A transformation in the labor-intensive market
It’s fair to say that the unregulated labor market across the agricultural sector and its ancillaries have been the worst hit due to the COVID-19 pandemic. The workforce in this sector relies on physically visiting lenders, to get cash in return that can help their operations. Cash is also the primary mode of payment across employees, vendors, traders, and most of the parties involved. While fintech organizations have been trying to tap into this colossal market, the market’s use of feature phones, or smartphones for purely entertainment purposes has hindered the development. However, a big change in this sector is right across the horizon. With Jio entering the mobile landscape, by introducing pocket-friendly smartphones with an internet connection that would eventually replace the feature phones, we can anticipate the idea of digital payment adoption across rural areas surge.
The functioning of microfinance institutions
MFIs and NBFCs across the country have conventionally not only relied on physical cash but have also needed physical presence for approval, verification, or for disbursement processes. With the new dynamics in play, where social interactions are limited and social distancing has become a norm, fintech finds its way into the ecosystem seamlessly. Automating physical and manual processes with almost no physical interactions, fintech solution provider(s) are looking at changing the dynamics of MFIs and NBFCs in the country. They have also found in-roads to provide their services to startups at a much lower cost than a traditional name, with a better and quicker turnaround.
The transformation of the on-demand economy
E-commerce was the first to embrace the fintech revolution, and it has revolutionized the e-commerce landscape of the country. This revolution has had an adverse impact on the retail footprint of the country. To make matters worse, the implementation of the lockdown along with people’s awareness pertaining to hygiene, and social distancing means that the retail industry has a mountain to climb. Both in the essential and non-essential commodities sectors. With every business realizing that having an e-commerce presence is a must, fintech startups and fintech solution providers are bound to make inroads and create a tidal shift in the payment behavior of the people.

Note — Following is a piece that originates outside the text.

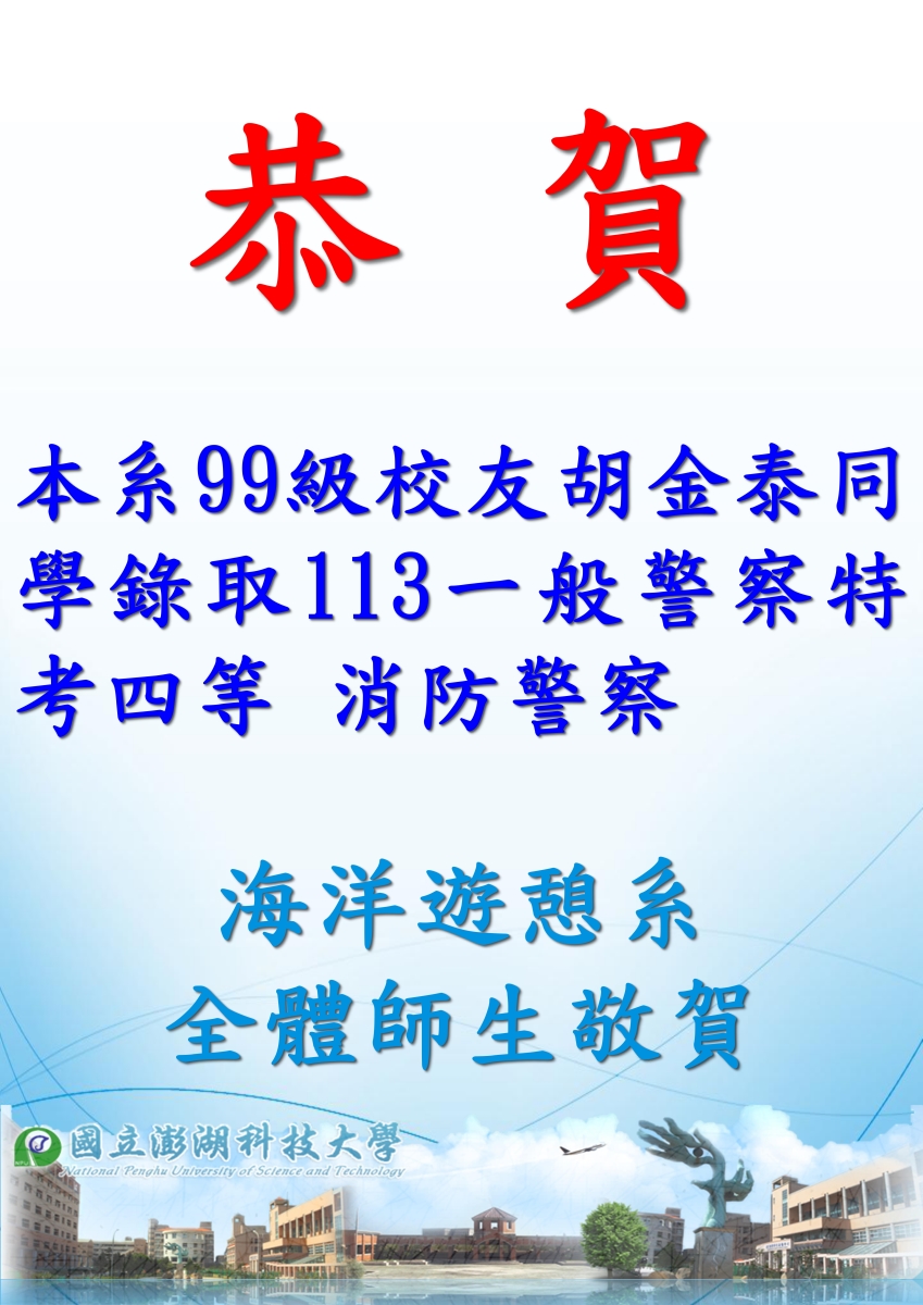 恭賀本系99級校友胡金泰同學錄取113警察特考四等 消防警察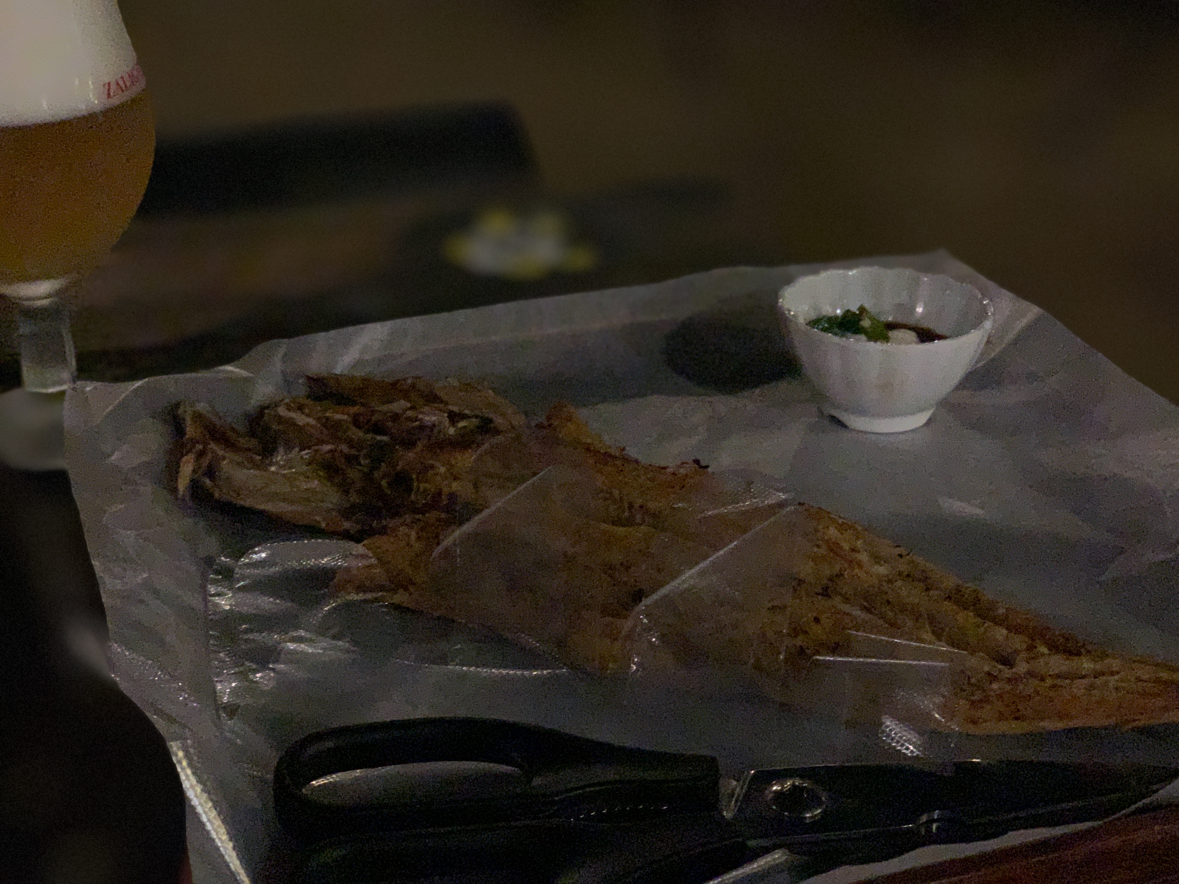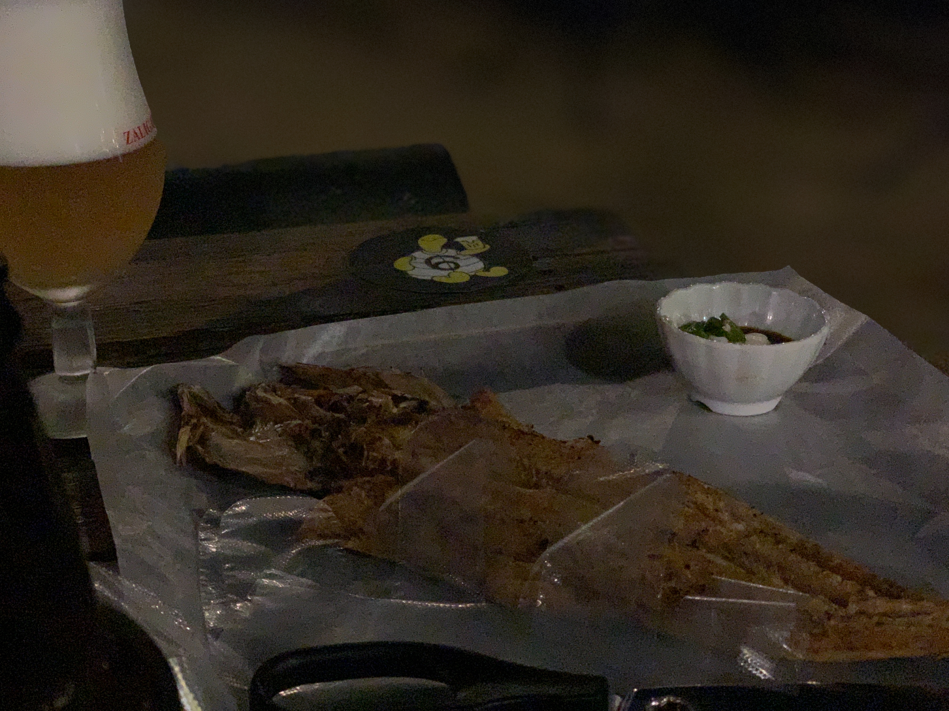 안주는 그냥 간단하게 먹태! 이런 데서는 뭐 묵직한 요리를 먹는 것보다 그냥 이렇게 먹태 같은 거 하나 대충 시켜서 먹는 게 분위기가 더 좋은 것 같습니다.

As anticipated, the pandemic is bound to redefine the digital landscape. Customer behavior and their interactions are changing at an unprecedented rate and are bound to evolve with the digital transformation. Fintech solution providers in India are also coming to terms that it is not just about digitizing the financial offerings, but about looking at the entire value chain that entails everything from the consumer’s journey to the merchants. The fintech revolution will also look at creating a collaborative ecosystem that uses a digital transformation to make banking and payment systems accessible to every individual.